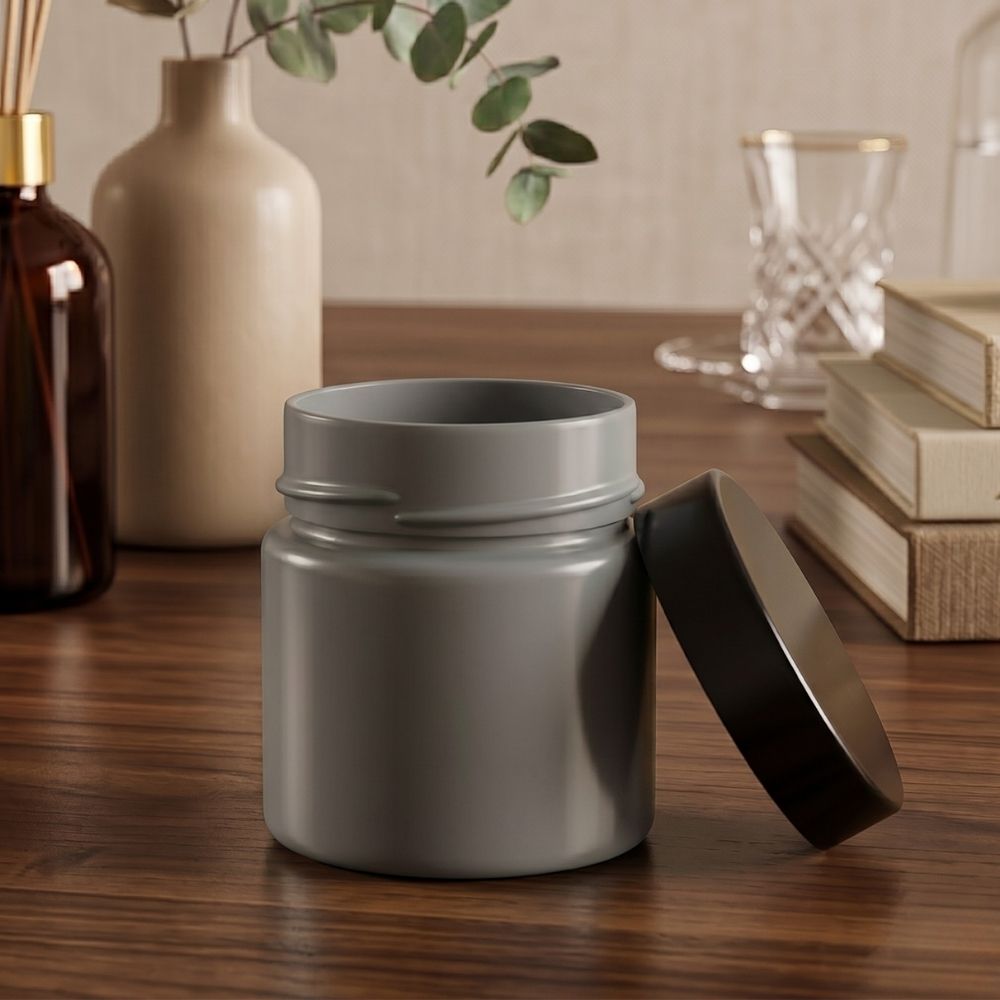 Dış Boyama Gri Kavanoz Kapaklı- Mum Dolumuna Uygun
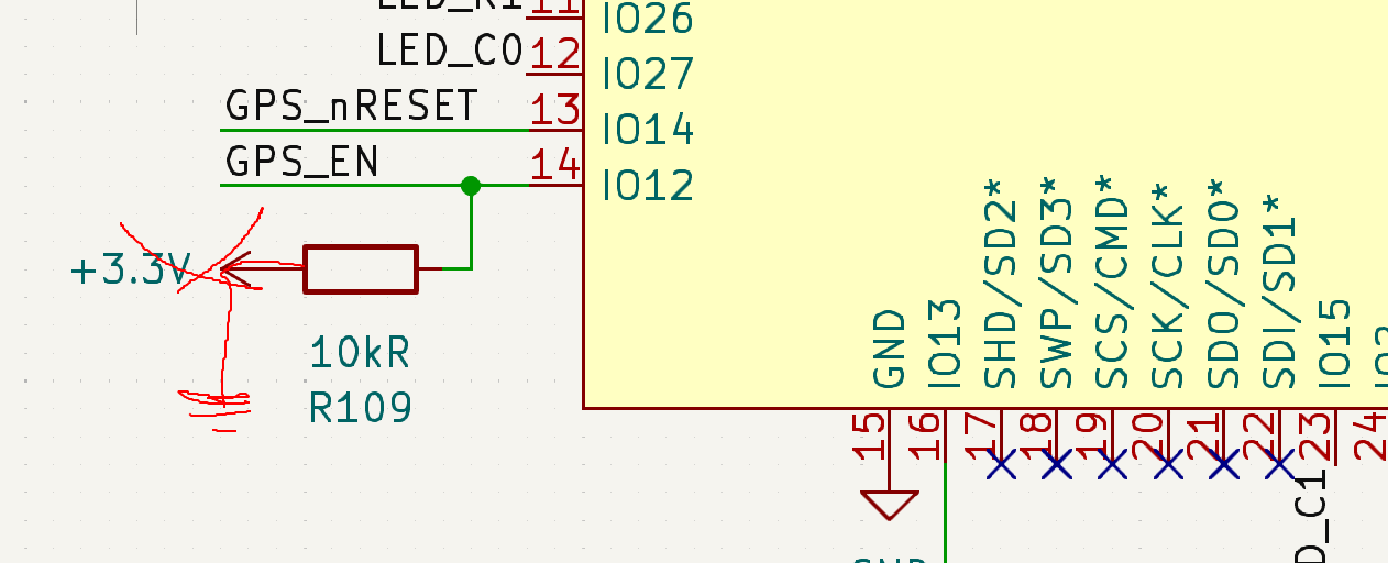 When I pasted the schematics in for a design review, gemini also pointed out that GPIO 12 was read on bootup to set the voltage of the internal flash, and so I could not use it to drive the LED matrix. Nice catch. I don’t know if I read the subsequent recommendation properly, but anyway I put a pullup on IO 12 when I should have put a pulldown instead. oh well.
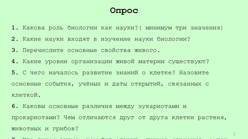 Опрос1. Какова роль биологии как науки?( минимум три значения)
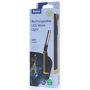 Hama W500-C, pracovné LED svetlo, nabíjací, IP44, magnetické, vyklápací hák, 6 režimov
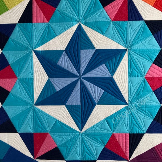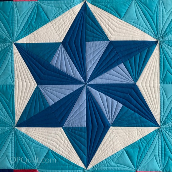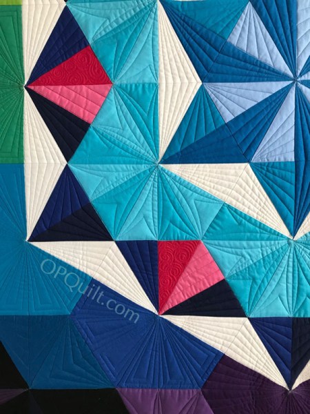 After one quilting session, when I turned it over to check the back, I noticed I had quilted in this wedge-shaped scrap onto the back. I started to try and cut it out, then decided I kind of liked this nod to the process, so left it in. Really, you can’t see it, when looking at the overall back. (Well, NOW you do, but you didn’t at first, right?)
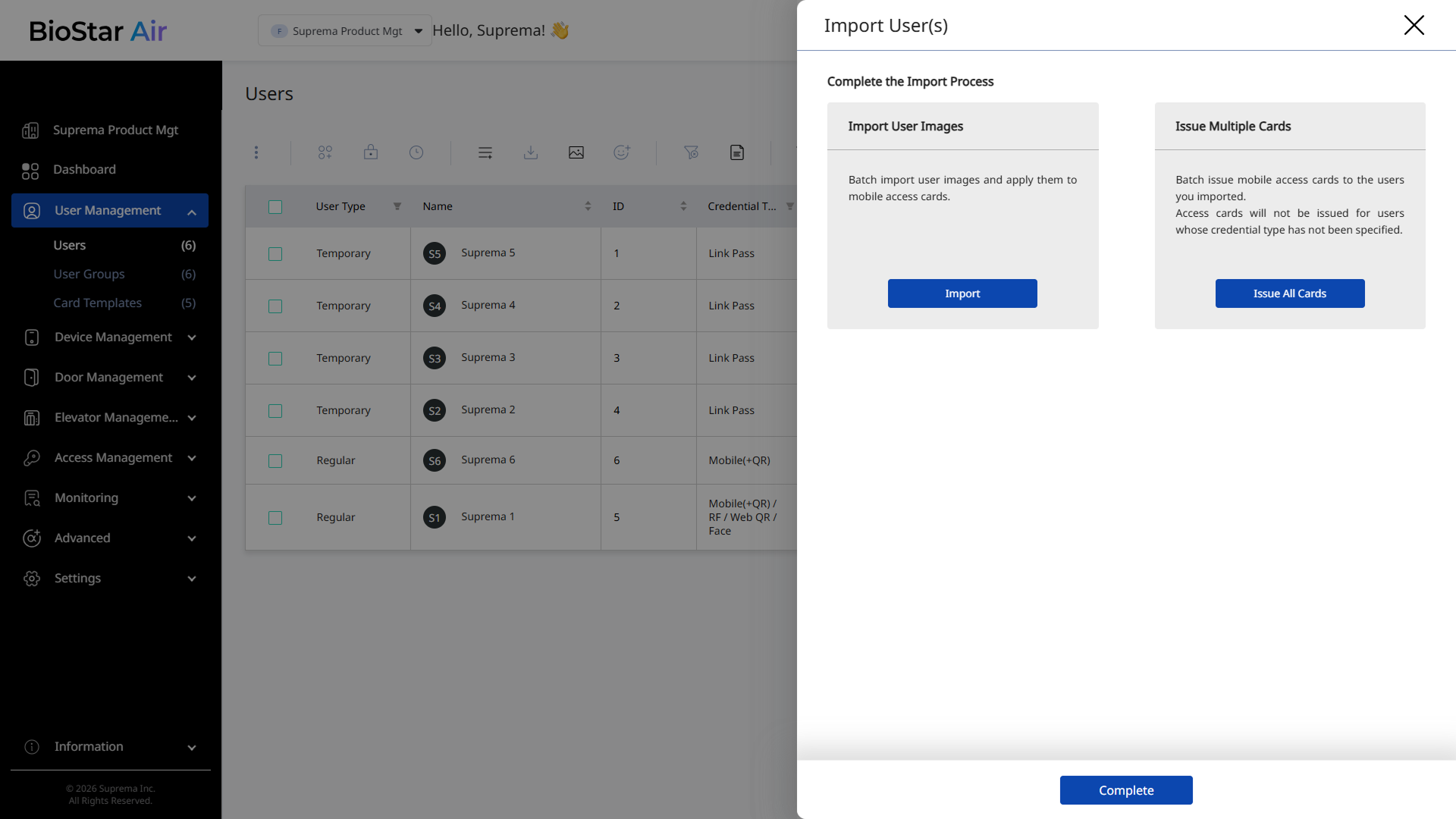 After the upload completes, you can import user images or issue mobile cards in bulk on the next screen. Select the desired action.

****

EXERCISE DIRECTIONS
The data above must be given again in full and unaltered, minus its images.

TASK ANSWER
 Dış Boyama Gri Kavanoz Kapaklı- Mum Dolumuna Uygun
 When I pasted the schematics in for a design review, gemini also pointed out that GPIO 12 was read on bootup to set the voltage of the internal flash, and so I could not use it to drive the LED matrix. Nice catch. I don’t know if I read the subsequent recommendation properly, but anyway I put a pullup on IO 12 when I should have put a pulldown instead. oh well.
 Опрос1. Какова роль биологии как науки?( минимум три значения)
 Hama W500-C, pracovné LED svetlo, nabíjací, IP44, magnetické, vyklápací hák, 6 režimov
 After one quilting session, when I turned it over to check the back, I noticed I had quilted in this wedge-shaped scrap onto the back. I started to try and cut it out, then decided I kind of liked this nod to the process, so left it in. Really, you can’t see it, when looking at the overall back. (Well, NOW you do, but you didn’t at first, right?)
 After the upload completes, you can import user images or issue mobile cards in bulk on the next screen. Select the desired action.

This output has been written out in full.